Data extract Block Start

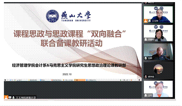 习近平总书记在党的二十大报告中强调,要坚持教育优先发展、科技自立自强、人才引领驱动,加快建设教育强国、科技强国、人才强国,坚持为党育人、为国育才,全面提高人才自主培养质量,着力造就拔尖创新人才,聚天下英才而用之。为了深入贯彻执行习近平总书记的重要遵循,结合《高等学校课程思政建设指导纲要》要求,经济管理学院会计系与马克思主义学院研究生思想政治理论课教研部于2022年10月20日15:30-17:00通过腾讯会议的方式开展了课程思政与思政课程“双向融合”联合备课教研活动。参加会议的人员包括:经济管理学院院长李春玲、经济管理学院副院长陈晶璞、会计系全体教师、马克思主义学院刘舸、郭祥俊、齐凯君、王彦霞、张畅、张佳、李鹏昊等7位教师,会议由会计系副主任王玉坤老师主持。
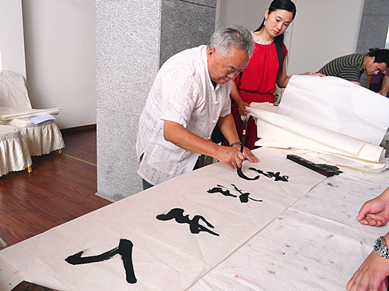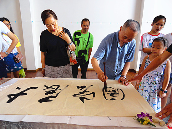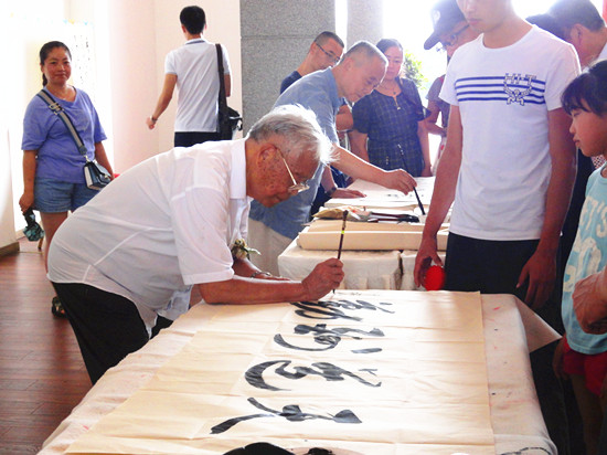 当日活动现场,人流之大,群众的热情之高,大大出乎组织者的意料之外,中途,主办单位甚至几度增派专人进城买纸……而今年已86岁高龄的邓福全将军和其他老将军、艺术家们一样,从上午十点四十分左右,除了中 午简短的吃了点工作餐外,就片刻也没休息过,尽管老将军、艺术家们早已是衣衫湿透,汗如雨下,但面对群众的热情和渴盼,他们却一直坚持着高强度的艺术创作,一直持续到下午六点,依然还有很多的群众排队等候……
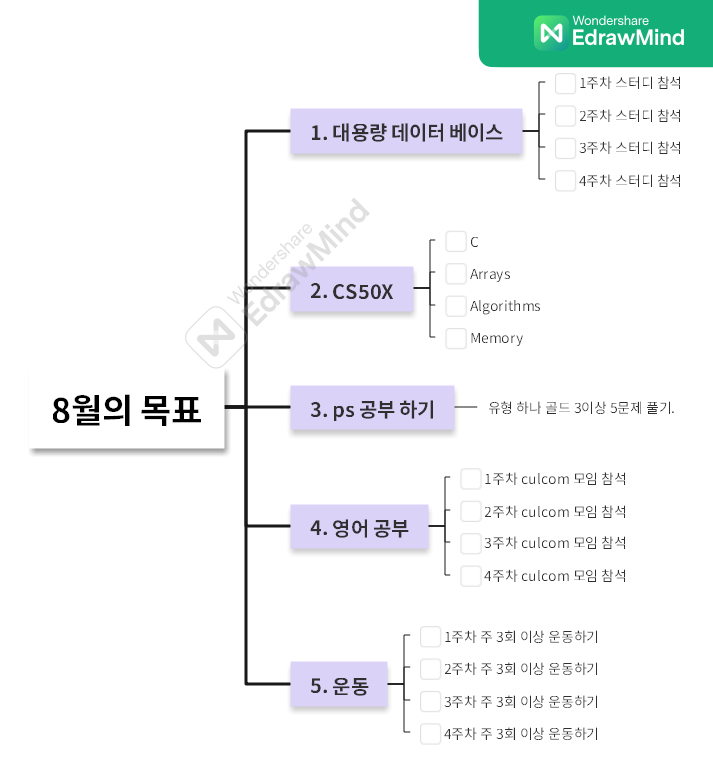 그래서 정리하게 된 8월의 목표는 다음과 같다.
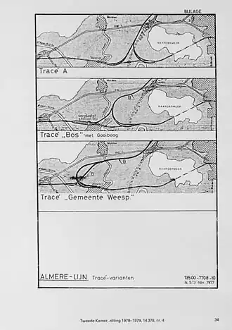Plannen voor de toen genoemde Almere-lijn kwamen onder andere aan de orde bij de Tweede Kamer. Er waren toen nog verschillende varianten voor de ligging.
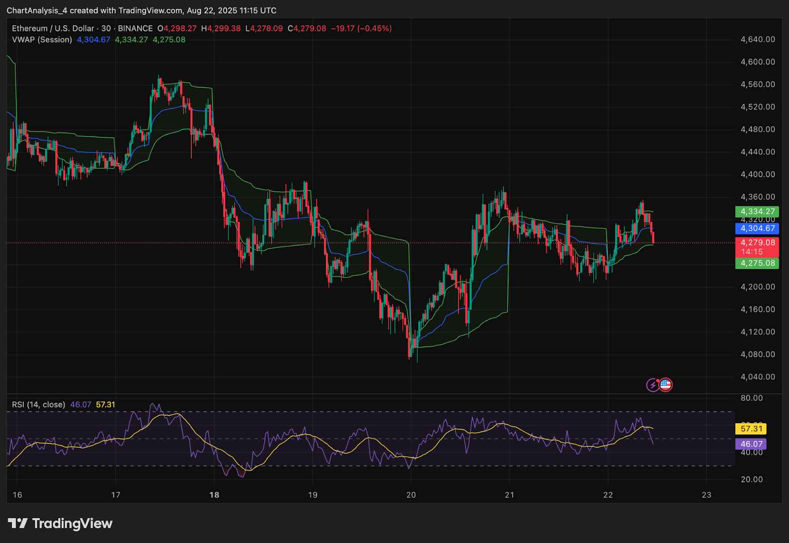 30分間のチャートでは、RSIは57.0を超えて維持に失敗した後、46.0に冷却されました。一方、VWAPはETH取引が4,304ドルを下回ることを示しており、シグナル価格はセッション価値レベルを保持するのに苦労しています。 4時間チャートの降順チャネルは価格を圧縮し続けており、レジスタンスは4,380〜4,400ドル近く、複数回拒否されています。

Data extract Block End
Data extract Block Start

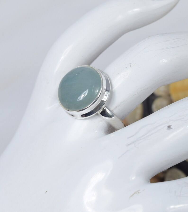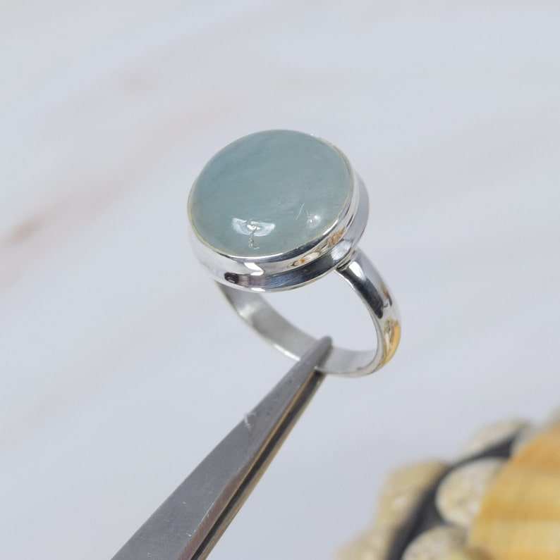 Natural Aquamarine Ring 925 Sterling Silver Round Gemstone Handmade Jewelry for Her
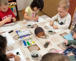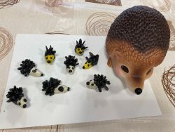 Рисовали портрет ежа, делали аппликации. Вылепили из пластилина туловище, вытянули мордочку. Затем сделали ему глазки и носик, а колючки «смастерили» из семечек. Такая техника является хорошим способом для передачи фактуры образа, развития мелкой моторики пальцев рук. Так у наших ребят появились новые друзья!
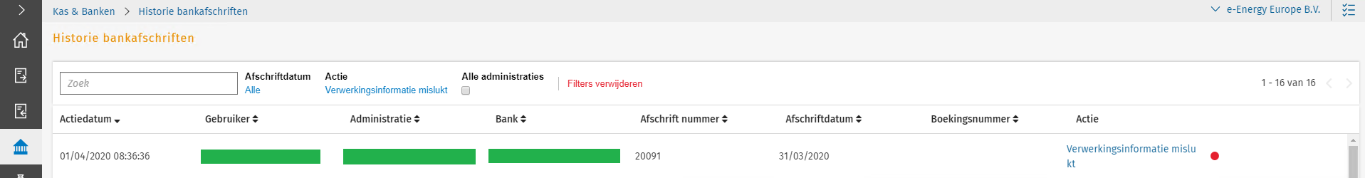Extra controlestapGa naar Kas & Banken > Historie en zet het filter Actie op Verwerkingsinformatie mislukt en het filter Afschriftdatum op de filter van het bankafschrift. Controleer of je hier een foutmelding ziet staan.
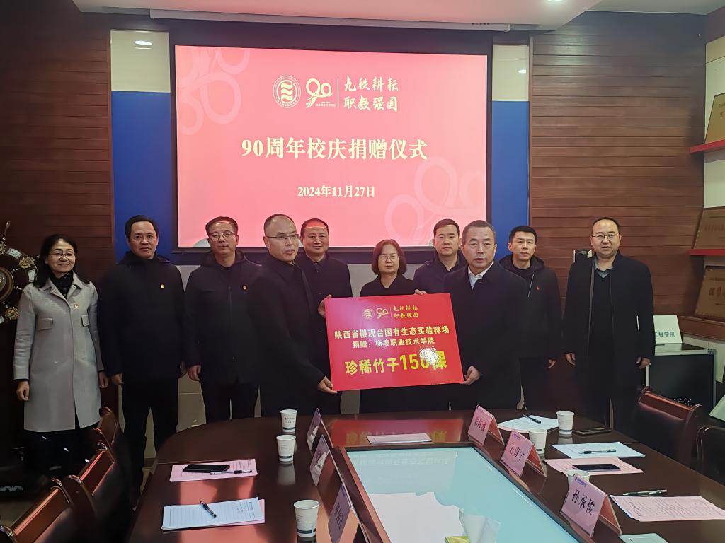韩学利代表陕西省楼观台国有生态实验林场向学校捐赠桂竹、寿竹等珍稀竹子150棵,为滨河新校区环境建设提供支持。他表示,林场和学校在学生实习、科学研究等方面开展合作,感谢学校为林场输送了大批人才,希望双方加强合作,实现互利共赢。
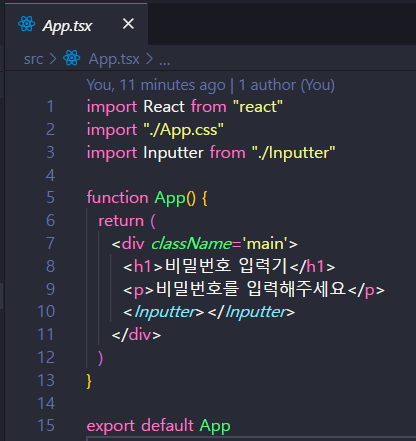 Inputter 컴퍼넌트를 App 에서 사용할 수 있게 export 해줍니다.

Data extract Block End

The lines to copy exactly start with the line above that has "韩学利代表陕西省楼观台国有生" and go on through the line that has "Inputter 컴퍼넌트를 App 에서 사용할 수 있게 export 해줍니다."; please include both, add nothing else, and omit the pictures.

韩学利代表陕西省楼观台国有生态实验林场向学校捐赠桂竹、寿竹等珍稀竹子150棵,为滨河新校区环境建设提供支持。他表示,林场和学校在学生实习、科学研究等方面开展合作,感谢学校为林场输送了大批人才,希望双方加强合作,实现互利共赢。
 Inputter 컴퍼넌트를 App 에서 사용할 수 있게 export 해줍니다.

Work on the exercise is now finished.